Exercise goal:
Copy every line below that has the word "dust" in it.

Data for review Start Marker

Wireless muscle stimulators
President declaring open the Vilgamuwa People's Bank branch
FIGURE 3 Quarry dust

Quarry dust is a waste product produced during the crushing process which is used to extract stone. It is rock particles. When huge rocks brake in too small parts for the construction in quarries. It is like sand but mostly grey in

Data for review End Marker
Data for review Start Marker

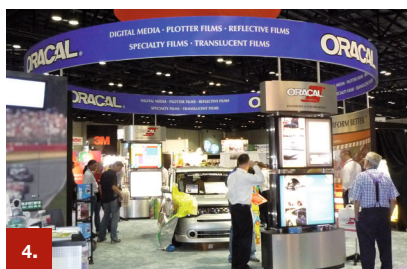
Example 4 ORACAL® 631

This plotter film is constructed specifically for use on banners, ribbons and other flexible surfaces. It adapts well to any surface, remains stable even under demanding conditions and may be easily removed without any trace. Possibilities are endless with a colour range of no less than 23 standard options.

Data for review End Marker

Response to this task:
FIGURE 3 Quarry dust
Quarry dust is a waste product produced during the crushing process which is used to extract stone. It is rock particles. When huge rocks brake in too small parts for the construction in quarries. It is like sand but mostly grey in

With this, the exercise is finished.